On the courses, you're probably right. That info came from my pointed head and a conversation with one of the BWB members last Fri. Both of us probably did too much LDS back in the 60's.

On the Sunday time, that comes from their printed brochure, so I assume it's correct now that I got the am's and pm's straight.

I'm cool with Friday morning.


----------



## elk22hunter (Sep 7, 2007)

Finnegan said:


> Both of us probably did too much LDS back in the 60's.

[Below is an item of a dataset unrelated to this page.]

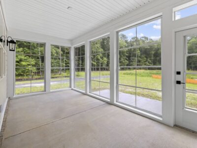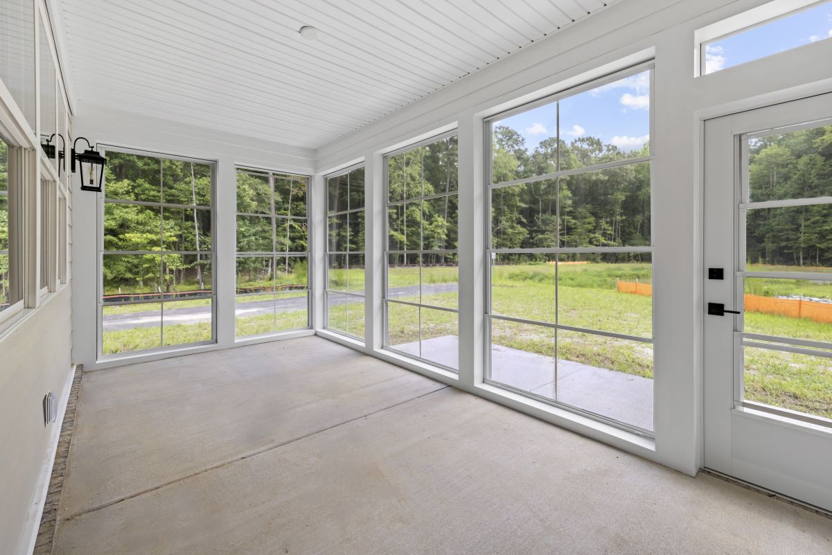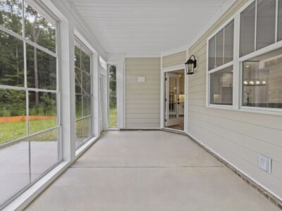 - Deep Covered Porch with EZE Breeze enclosure, Patio, and view of the woods.

Could that be by chance *NOT* enough LDS and too much LSD?


----------



## TEX-O-BOB (Sep 12, 2007)

Boy nuthin gets by you elk22, you're sharp as a tack!


----------



## Finnegan (Sep 7, 2007)

Yo, Hogan! Let's smoke some LDS and go! Anybody else up for a Friday morning shoot?


----------



## HOGAN (Sep 8, 2007)

what time Finn??? Call me 455-3745.


----------



## HOGAN (Sep 8, 2007)

Finn and I shot the Treasure Mountain this morning. Ran into Elk22 & Dave @ Sportsmans Warehouse, snapped a photo! It was a fun shoot today, everyone should get up there and shoot!

The little boy is mine, named Hunter.


----------



## Finnegan (Sep 7, 2007)

BWB outdid themselves on the courses this year, I think. Lots of variety, targets in great condition, a few interesting bonus shots scattered around. I just might go back for another round.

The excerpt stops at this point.